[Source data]
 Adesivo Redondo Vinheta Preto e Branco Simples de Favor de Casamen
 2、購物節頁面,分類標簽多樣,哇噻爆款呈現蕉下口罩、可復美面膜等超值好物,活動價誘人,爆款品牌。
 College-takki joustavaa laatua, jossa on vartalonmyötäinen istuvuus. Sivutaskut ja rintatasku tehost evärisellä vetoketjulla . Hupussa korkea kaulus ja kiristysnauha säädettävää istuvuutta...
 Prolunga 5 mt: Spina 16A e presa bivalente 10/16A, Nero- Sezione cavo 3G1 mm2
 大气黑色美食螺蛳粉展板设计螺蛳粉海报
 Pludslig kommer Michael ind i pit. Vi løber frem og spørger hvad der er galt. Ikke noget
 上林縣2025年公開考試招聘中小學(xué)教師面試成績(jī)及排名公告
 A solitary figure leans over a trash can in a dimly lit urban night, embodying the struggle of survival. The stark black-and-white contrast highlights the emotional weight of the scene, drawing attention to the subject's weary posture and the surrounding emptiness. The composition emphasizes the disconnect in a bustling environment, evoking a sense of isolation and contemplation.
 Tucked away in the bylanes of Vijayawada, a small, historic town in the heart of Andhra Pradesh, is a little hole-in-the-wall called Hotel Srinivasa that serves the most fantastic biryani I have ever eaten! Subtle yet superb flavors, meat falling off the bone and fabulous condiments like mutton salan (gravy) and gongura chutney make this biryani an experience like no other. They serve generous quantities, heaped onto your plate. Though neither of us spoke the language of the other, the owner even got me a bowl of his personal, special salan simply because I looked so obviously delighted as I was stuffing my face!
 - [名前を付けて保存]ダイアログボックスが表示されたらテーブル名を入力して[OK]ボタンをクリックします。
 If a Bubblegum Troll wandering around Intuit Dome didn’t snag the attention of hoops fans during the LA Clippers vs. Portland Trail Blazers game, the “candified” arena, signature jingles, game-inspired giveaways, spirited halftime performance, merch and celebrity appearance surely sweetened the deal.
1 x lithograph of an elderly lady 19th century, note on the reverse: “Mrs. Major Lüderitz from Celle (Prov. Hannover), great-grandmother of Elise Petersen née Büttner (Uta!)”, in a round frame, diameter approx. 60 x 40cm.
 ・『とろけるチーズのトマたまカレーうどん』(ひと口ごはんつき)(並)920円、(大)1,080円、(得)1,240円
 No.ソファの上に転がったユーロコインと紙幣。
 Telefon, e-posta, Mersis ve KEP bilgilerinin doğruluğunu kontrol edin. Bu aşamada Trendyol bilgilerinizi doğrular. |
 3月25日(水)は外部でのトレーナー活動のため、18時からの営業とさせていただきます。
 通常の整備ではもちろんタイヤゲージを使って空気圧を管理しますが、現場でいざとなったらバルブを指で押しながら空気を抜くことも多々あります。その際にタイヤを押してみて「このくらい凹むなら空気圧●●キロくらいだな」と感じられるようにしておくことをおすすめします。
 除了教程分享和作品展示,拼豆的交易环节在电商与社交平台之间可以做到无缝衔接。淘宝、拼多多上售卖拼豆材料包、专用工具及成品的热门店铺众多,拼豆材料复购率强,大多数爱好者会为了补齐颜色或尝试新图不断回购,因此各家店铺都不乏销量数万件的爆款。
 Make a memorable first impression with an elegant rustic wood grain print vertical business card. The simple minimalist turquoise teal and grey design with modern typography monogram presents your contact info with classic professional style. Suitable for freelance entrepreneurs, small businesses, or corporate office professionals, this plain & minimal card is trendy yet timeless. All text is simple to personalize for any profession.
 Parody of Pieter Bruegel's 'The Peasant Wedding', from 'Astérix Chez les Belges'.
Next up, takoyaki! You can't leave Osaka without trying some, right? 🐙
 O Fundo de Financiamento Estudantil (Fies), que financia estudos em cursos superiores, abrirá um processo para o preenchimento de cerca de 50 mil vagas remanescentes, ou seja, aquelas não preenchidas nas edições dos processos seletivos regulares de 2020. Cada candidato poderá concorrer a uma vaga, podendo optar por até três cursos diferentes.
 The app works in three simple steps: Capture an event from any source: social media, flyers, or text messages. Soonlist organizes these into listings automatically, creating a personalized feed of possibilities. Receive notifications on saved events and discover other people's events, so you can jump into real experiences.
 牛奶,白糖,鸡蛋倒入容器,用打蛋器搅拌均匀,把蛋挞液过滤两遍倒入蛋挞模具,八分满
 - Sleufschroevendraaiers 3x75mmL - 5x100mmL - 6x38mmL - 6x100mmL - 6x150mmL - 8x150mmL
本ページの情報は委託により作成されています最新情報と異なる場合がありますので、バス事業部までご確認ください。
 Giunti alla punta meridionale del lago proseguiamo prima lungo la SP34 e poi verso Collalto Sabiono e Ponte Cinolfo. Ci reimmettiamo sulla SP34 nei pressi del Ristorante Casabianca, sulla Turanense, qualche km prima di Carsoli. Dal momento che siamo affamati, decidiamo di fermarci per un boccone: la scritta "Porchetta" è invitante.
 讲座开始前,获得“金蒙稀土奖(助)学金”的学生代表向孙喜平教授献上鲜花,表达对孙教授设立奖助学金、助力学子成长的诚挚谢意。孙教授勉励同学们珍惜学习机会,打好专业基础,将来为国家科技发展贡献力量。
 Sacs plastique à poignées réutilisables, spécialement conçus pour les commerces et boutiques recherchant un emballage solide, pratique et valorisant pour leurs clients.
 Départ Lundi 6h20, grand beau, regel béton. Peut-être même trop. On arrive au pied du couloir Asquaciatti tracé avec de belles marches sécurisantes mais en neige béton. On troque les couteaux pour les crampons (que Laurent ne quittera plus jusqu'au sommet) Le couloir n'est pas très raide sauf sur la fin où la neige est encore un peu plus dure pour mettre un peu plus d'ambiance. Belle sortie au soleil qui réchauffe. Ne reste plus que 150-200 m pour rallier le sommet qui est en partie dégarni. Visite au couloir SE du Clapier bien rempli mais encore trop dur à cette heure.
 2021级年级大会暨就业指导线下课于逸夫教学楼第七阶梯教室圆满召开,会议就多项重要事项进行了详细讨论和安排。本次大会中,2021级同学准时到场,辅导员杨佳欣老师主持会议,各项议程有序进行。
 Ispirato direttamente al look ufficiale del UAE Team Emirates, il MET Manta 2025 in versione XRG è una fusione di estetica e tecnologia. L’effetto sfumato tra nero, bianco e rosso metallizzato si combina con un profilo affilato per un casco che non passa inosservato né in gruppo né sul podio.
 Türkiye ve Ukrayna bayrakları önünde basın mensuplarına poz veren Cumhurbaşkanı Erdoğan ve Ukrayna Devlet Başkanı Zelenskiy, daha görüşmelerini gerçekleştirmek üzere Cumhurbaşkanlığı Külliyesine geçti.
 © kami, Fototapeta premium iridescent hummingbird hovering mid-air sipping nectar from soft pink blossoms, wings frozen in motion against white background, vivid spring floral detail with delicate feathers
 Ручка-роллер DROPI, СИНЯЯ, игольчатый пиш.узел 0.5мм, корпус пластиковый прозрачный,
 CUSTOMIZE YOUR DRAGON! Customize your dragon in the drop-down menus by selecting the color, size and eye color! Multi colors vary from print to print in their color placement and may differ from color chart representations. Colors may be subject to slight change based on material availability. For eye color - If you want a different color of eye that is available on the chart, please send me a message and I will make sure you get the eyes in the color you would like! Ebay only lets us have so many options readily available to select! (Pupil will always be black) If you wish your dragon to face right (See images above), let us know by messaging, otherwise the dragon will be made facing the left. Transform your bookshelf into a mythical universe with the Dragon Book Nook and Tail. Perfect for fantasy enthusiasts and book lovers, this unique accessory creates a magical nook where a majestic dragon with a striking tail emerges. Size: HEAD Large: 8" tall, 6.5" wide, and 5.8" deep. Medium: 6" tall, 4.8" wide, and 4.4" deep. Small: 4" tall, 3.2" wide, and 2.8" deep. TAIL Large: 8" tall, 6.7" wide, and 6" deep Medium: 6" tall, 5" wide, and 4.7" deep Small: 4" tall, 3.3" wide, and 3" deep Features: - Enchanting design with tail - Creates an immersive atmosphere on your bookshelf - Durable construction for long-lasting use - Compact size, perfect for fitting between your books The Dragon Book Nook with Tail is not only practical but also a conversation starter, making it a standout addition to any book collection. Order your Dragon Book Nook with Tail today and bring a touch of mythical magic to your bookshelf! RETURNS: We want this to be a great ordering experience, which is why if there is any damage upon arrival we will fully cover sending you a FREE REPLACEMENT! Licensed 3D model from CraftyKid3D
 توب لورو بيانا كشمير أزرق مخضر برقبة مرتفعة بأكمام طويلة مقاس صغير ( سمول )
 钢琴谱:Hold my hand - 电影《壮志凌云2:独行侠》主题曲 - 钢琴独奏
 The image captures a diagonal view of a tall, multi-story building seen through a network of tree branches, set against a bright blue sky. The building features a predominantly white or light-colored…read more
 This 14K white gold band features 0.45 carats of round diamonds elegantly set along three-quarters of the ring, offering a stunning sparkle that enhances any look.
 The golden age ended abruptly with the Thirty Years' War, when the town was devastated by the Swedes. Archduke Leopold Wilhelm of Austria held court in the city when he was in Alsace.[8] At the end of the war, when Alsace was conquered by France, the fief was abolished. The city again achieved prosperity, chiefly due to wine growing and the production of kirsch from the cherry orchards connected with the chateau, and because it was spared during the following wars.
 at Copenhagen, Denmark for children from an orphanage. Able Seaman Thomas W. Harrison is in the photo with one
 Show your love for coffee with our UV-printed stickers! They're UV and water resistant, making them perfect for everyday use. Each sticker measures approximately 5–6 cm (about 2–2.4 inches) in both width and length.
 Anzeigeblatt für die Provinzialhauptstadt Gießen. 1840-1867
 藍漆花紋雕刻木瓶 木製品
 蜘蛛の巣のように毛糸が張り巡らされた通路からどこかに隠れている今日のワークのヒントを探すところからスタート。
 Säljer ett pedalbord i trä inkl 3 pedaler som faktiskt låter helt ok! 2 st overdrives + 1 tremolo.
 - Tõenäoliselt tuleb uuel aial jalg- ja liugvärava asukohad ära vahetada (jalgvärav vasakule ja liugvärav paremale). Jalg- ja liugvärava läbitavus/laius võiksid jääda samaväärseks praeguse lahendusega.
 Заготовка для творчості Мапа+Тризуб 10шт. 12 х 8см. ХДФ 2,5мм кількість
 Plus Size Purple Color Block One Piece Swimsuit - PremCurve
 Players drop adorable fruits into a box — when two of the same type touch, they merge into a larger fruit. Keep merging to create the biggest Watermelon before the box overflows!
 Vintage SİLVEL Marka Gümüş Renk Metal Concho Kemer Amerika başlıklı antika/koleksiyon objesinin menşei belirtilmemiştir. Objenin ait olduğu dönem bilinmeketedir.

PROBLEM TO WORK ON: Starting at the line that has "本ページの情報は委託により作" in the records above, restate word for word every line until the one that has "Sacs plastique à", and include that one as well.

RESULT:
本ページの情報は委託により作成されています最新情報と異なる場合がありますので、バス事業部までご確認ください。
 Giunti alla punta meridionale del lago proseguiamo prima lungo la SP34 e poi verso Collalto Sabiono e Ponte Cinolfo. Ci reimmettiamo sulla SP34 nei pressi del Ristorante Casabianca, sulla Turanense, qualche km prima di Carsoli. Dal momento che siamo affamati, decidiamo di fermarci per un boccone: la scritta "Porchetta" è invitante.
 讲座开始前,获得“金蒙稀土奖(助)学金”的学生代表向孙喜平教授献上鲜花,表达对孙教授设立奖助学金、助力学子成长的诚挚谢意。孙教授勉励同学们珍惜学习机会,打好专业基础,将来为国家科技发展贡献力量。
 Sacs plastique à poignées réutilisables, spécialement conçus pour les commerces et boutiques recherchant un emballage solide, pratique et valorisant pour leurs clients.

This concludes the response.